Kolostrum maternal hampir selalu istimewa, dengan sumber antibody ( imunoglobulin G), namun kolostrum juga menjadi suatu rute penyebaran atau penularan penyakit dari induk kepada anaknya. Kolostrum harus ditampung dari induk sapi pada saat beranak atau di dalam kurun waktu 24 jam pertama dan diberikan segar, disimpan setelah pembekuan, atau melakukan pasteurisasi dengan menggunakan suatu unit pasteurization batch komersial untuk memanaskan kolostrum 60°C selama 60 – 120 menit .
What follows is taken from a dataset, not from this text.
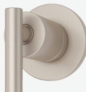
Contempra Diverter Trim Brushed Nickel Model: 016-NC1K
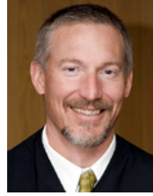
Judge Jon Hulsing

Manajemen pemberian kolostrum  pada anak sapi setidaknya dilakukan pada volume 3 hingga 4 liter untuk menunjang peran kolostrum yang optimal. Waktu pemberian juga merupakan faktor penting untuk mendukung tingkat kesehatan anak sapi yang baru lahir. Waktu pemberian kolostrum yang direkomendasikan adalah paling lama 2 jam setelah anak sapi lahir, hal ini terkait dengan fenomena penyerapan terbaik untuk komponen dalam kolostrum oleh saluran pencernaan anak sapi yang baru lahir adalah maksimal 24 jam sejak kelahiran. Kemampuan sistem pencernaan anak sapi yang baru lahir untuk menyerap komponen kolostrum akan mulai berkurang secara signifikan setelah 24 jam dari kelahiran, kemudian terus menurun hingga 48 jam sejak kelahiran.  Apabila  pada  awal menyusu pedet mengalami kesulitan maka dapat dilatih dengan menggunakan  ember terbuka dan memerlukan  kesabaran. Caranya mula-mula pedet dibiarkan menjilat atau mengisap jari telunjuk yang dibasahi kolostrum. Selanjutnya jari telunjuk yang dihisap-isap, perlahan-lahan dimasukkan sedikit demi sedikit kedalam ember yang berisi kolostrum dan dibiarkan beberapa menit mengisap-isap jari telunjuk dan kolostrum turut terserap sedikit-sedikit. Kemudian jari telunjuk perlahan-lahan dilepas dari pedet. Perlakuan demikian perlu diulang-ulang sehingga akhirnya pedet mau minum kolostrum dari ember tanpa bantuan lagi atau alternatif alat bantu untuk pemberian kolostrum dengan menggunakan botol yang diberi selang karet lunak  (nipple bottle). Kolostrum buatan diberikan pada pedet apabila induk tidak dapat  menghasilkan  kolostrum.  Kolostrum  buatan  sekali  minum terdiri dari campuran ½ liter susu murni + 1 sendok teh minyak ikan+ 1 sendok teh kastroli + 1 telur yang dikocok didalam ¼ liter air hangat. Pemberian kolustrum buatan diberikan 3 kali sehari selama 3 sampai dengan 4 hari

Demikian  tulisan ini disampaikan , semoga dapat meningkatkan wawasan peternak mengenai pentingnya peran kolostrum bagi anak sapi yang baru lahir, yang berperan sebagai penyedia utama antibodi dari induk yang sangat dibutuhkan oleh anak sapi yang baru lahir untuk menjaga kesehatan dan produktivitasnya.